Cuesta M A, Meijer S, Borgstein P J, Sibinga Mulder L, Sikkenk A C
Department of Surgery, Free University Hospital, Amsterdam, The Netherlands.
Br J Surg. 1993 Dec;80(12):1571-4. doi: 10.1002/bjs.1800801226.
Despite the advances made since the introduction of ultrasonography, computed tomography and magnetic resonance imaging, a wide discrepancy may occur between preoperative and peroperative staging of gastrointestinal malignancy with liver and peritoneal metastases. Diagnostic laparoscopy performed immediately before a planned laparotomy can provide valuable information for the accurate assessment and appropriate management of some forms of gastrointestinal malignancy, especially that of the liver and pancreas. For evaluation of small liver and retroperitoneal malignancies, intraoperative ultrasonography performed by laparotomy is of proven value. It is now technically possible to perform ultrasonography through a laparoscopic cannula using high-resolution ultrasonographic transducers. This combination of laparoscopy and ultrasonography was studied in 25 patients with established liver lesions, carcinoma of the gallbladder or pancreatic cancer.
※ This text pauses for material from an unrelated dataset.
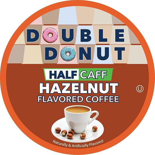 Double Donut Coffee Hazelnut Half Caff Coffee Pods, Single Serve Flavored Half Caffeine Coffee Pods For Keurig K Cup Brewers, Medium Roast, 20 Count (Pack of 2)

Additional information leading to a change in surgical approach was obtained in 20 patients. Laparoscopic ultrasonography, although still in a preliminary phase of development, is a simple and reliable technique that will contribute to more accurate staging of intra-abdominal malignancy.
尽管自超声检查、计算机断层扫描和磁共振成像技术问世以来取得了诸多进展,但胃肠道恶性肿瘤伴肝转移和腹膜转移的术前和术中分期之间仍可能存在较大差异。在计划进行剖腹手术前立即进行诊断性腹腔镜检查可为某些形式的胃肠道恶性肿瘤,尤其是肝脏和胰腺的恶性肿瘤的准确评估和适当治疗提供有价值的信息。对于评估小的肝脏和腹膜后恶性肿瘤,通过剖腹手术进行术中超声检查已证明具有价值。现在从技术上来说,使用高分辨率超声换能器通过腹腔镜套管进行超声检查是可行的。对25例已确诊有肝脏病变、胆囊癌或胰腺癌的患者进行了腹腔镜检查与超声检查相结合的研究。20例患者获得了导致手术方式改变的额外信息。腹腔镜超声检查虽然仍处于初步发展阶段,但却是一种简单可靠的技术,将有助于更准确地对腹内恶性肿瘤进行分期。